→ Exercise objective
Down to the last line below, write out every line exactly, starting with the one that contains "The SIPO rain" and leaving out the pictures.

(Extracted records)
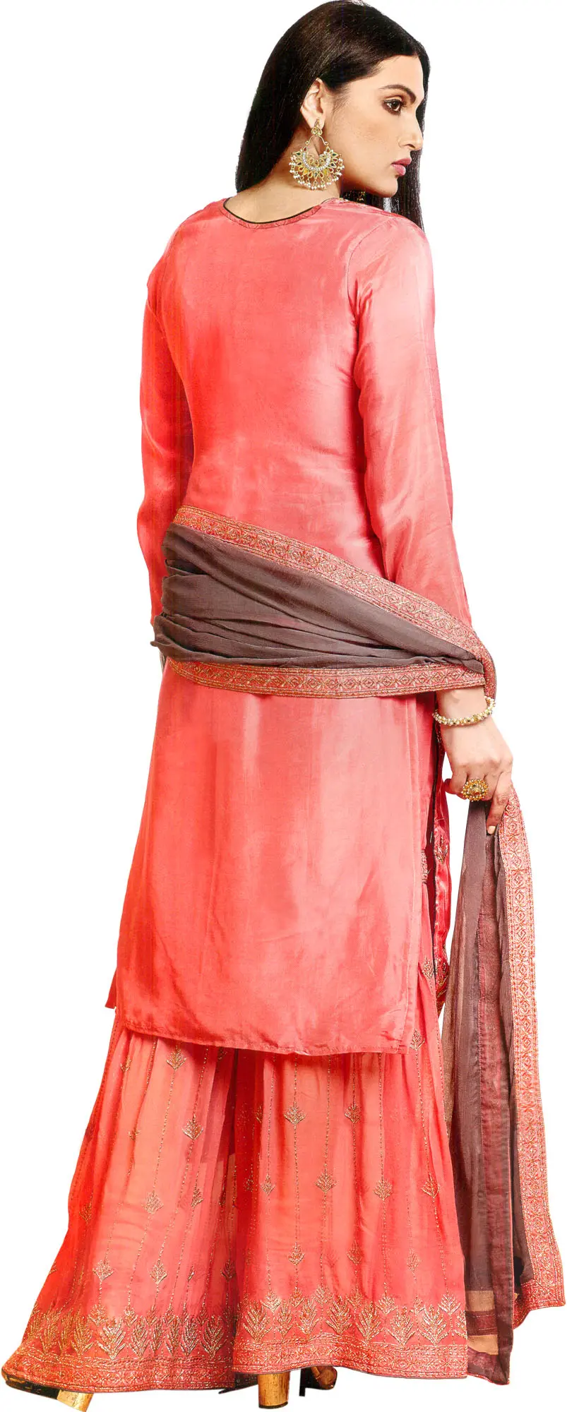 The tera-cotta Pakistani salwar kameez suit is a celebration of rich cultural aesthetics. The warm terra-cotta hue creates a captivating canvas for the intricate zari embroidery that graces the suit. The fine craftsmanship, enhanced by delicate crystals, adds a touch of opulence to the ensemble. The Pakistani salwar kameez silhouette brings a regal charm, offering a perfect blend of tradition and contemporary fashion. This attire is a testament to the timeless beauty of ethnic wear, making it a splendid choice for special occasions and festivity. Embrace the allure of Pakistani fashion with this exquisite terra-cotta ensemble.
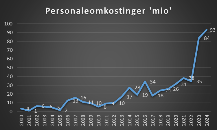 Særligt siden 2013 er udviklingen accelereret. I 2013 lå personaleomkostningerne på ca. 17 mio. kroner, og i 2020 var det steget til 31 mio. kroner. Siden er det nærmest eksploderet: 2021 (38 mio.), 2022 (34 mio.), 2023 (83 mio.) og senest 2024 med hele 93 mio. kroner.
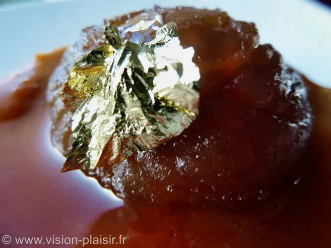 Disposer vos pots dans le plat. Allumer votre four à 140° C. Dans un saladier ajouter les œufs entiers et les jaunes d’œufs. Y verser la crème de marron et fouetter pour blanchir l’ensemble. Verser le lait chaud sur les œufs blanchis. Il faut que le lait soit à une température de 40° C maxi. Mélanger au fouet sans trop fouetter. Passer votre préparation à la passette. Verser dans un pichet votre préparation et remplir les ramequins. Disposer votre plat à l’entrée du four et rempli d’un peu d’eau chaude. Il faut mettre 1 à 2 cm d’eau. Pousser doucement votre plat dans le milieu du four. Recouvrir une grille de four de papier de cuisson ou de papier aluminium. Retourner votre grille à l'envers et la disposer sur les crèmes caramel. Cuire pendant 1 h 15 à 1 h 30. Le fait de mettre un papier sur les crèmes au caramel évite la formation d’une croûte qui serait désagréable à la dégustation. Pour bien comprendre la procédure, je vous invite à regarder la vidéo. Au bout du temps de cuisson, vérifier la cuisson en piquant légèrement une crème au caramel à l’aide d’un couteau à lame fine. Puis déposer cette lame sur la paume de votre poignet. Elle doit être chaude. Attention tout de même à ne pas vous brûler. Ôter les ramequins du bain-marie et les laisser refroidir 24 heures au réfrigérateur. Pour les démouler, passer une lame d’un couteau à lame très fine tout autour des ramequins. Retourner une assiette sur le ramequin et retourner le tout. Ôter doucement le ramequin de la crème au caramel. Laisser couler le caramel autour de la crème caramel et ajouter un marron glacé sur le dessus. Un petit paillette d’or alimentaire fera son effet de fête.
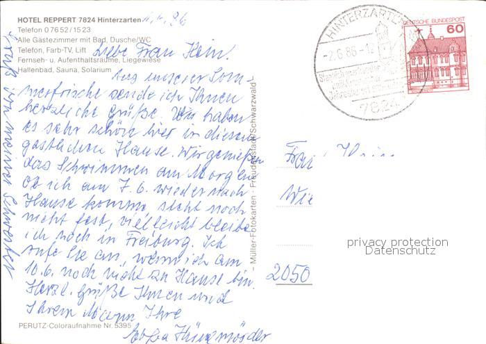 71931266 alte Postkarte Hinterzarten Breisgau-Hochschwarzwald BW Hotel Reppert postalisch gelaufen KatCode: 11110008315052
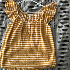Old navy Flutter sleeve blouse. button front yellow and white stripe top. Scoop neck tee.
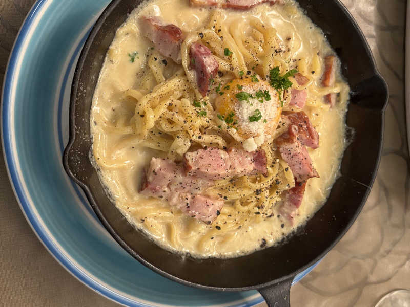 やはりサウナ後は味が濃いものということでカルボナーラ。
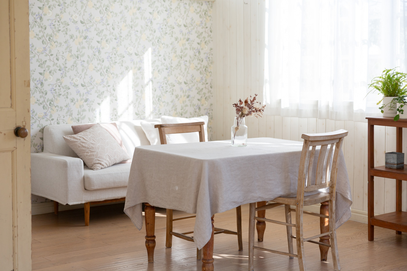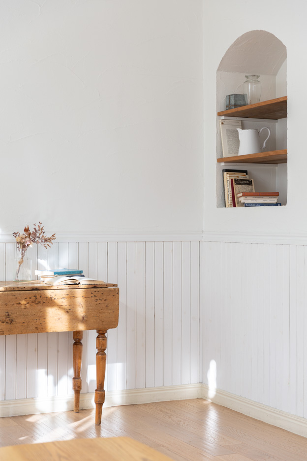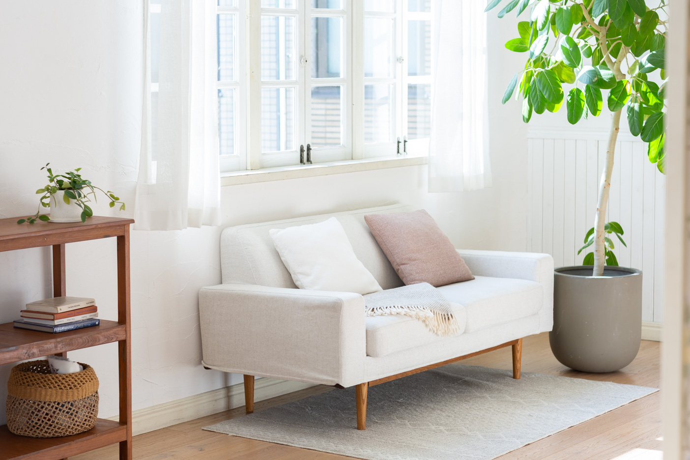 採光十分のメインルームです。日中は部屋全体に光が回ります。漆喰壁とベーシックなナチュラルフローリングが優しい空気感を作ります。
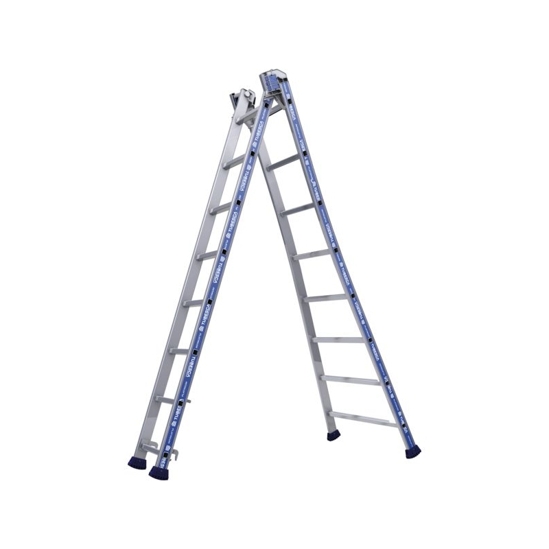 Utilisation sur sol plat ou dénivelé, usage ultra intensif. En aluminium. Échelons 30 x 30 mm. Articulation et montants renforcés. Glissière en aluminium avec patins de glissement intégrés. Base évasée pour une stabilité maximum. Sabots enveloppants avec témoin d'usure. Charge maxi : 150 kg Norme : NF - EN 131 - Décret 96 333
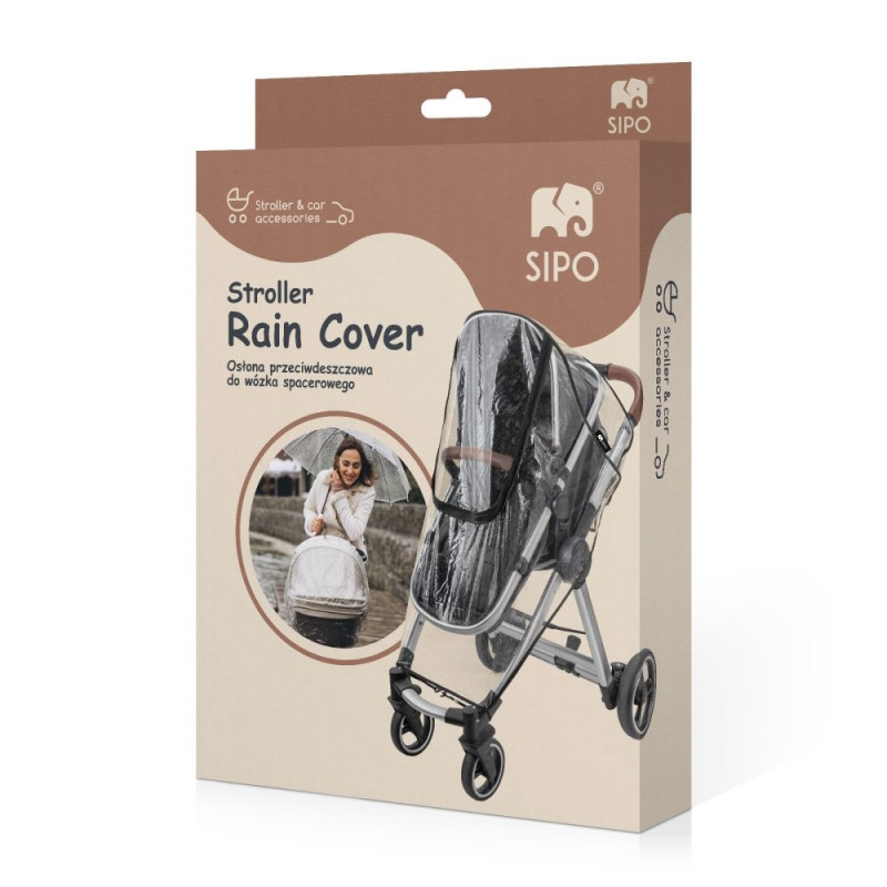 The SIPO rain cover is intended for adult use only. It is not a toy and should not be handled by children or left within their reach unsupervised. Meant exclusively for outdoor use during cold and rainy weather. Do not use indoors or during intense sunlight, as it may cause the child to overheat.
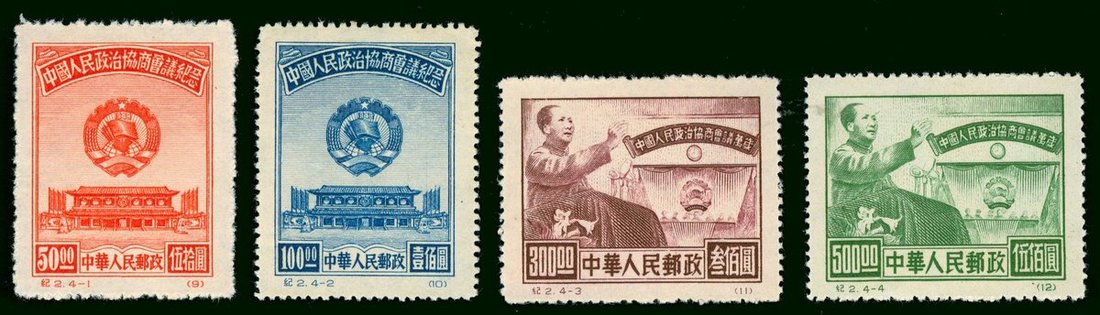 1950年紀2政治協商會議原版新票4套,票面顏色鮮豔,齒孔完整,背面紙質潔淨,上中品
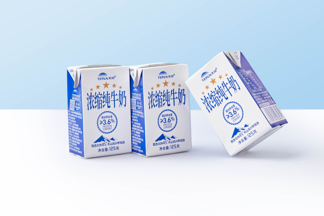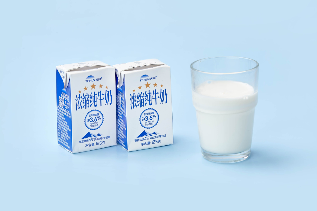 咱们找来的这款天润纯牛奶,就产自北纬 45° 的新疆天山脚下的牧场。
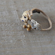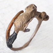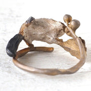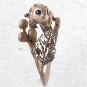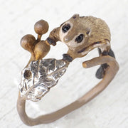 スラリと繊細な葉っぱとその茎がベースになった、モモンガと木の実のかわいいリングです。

→ Answer space
 The SIPO rain cover is intended for adult use only. It is not a toy and should not be handled by children or left within their reach unsupervised. Meant exclusively for outdoor use during cold and rainy weather. Do not use indoors or during intense sunlight, as it may cause the child to overheat.
 1950年紀2政治協商會議原版新票4套,票面顏色鮮豔,齒孔完整,背面紙質潔淨,上中品
 咱们找来的这款天润纯牛奶,就产自北纬 45° 的新疆天山脚下的牧场。
 スラリと繊細な葉っぱとその茎がベースになった、モモンガと木の実のかわいいリングです。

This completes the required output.